Noble Roman’s, Inc. v. Hattenhauer Distrib. Co., No. 1:14-cv-01734-WTL-DML, 2016 WL 1162553 (S.D. Ind. Mar. 24, 2016)
In deze zaak heeft de rechtbank de motie van eiser om een beschermingsbevel toegewezen en bevolen dat het gedaagde verboden was om de ontdekking te verkrijgen die van de aandeelhouder van eiser werd gevraagd door de at-issue dagvaardingen. Om tot deze conclusie te komen, heeft de rechtbank een analyse gemaakt van recentelijk gewijzigde Fed. R. Civ. P. 26(b)(1), waarbij de nadruk lag op het evenredigheidsbeginsel, en concludeerde uiteindelijk dat de dagvaardingen van de gedaagde een “discovery run amok” vormden en “de evenredigheidstoets volgens Regel 26(b) niet doorstonden.”
In dit geschil over royalty’s tussen Eiser, de franchisegever, en Gedaagde, de franchisenemer, heeft Gedaagde een tegeneis ingediend, stellende dat het Eiser niet was toegestaan de audit uit te voeren die zijn vermeende te lage betaling van royalty’s aan het licht bracht en dat de ware aanleiding voor de audits en hun “gebrekkige methodologie” de “slechte financiële toestand” van Eiser was. Ter ondersteuning van zijn tegenvordering heeft de gedaagde een dagvaarding betekend aan een “grootaandeelhouder” van de eiser, met het oog op de productie van 23 “omvangrijke” categorieën documenten en Rule 30(b)(6) getuigenissen, die in wezen neerkomen op “elk document en elk stukje informatie dat hij heeft … over elk aspect van de bedrijfsvoering, financiën, marketingplannen en managementstructuur”. In zijn motie voor een beschermingsbevel voerde eiser aan dat verweerder toestemming had gekregen om ontdekking van de eiser met betrekking tot zijn tegeneisen na te streven en dat de informatie die van de derde-aandeelhouder werd gevraagd “die theorieën niet wezenlijk bevorderde, maar een visexpeditie was die niet zou moeten worden toegestaan.”

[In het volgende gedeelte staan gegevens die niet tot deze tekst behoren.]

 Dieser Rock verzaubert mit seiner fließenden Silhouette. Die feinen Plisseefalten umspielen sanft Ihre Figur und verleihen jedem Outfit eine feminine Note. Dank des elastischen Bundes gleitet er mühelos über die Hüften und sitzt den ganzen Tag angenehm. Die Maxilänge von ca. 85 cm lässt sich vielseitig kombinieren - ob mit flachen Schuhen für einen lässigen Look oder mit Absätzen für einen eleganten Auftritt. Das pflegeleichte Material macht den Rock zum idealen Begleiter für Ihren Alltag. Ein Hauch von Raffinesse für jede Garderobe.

In antwoord op de motie van eiser, “sloeg verweerder op de trommel van ‘relevantie'” maar “probeerde nooit aan te tonen dat de ontdekking op enigerlei wijze in verhouding stond tot de behoeften van de zaak.” Dat, zo bepaalde de rechtbank, was “niet goed genoeg.”

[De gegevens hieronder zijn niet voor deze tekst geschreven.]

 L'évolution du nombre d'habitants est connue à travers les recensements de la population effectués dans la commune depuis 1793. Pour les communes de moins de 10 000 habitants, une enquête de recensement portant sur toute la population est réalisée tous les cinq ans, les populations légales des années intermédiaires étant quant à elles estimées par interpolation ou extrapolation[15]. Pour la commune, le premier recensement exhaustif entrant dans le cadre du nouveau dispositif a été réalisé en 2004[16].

Na twee voorbeelden die de “abjecte onevenredigheid” van de verzoeken illustreerden, waaronder het verzuim van de gedaagde om uit te leggen waarom de analyse van de aandeelhouder van de managementpraktijken en financiële vooruitzichten van de eiser “redelijkerwijs noodzakelijk” was, oordeelde de rechtbank dat de “documenten en dagvaardingen van de gedaagde … een ontdekking vormen die op hol slaat.” Verklarend, dat de dagvaardingen “de evenredigheidstest onder 26(b) niet doorstaan”, wees de rechtbank de motie voor een beschermingsbevel toe.
Een volledige kopie van de beschikking van de rechtbank is hier beschikbaar.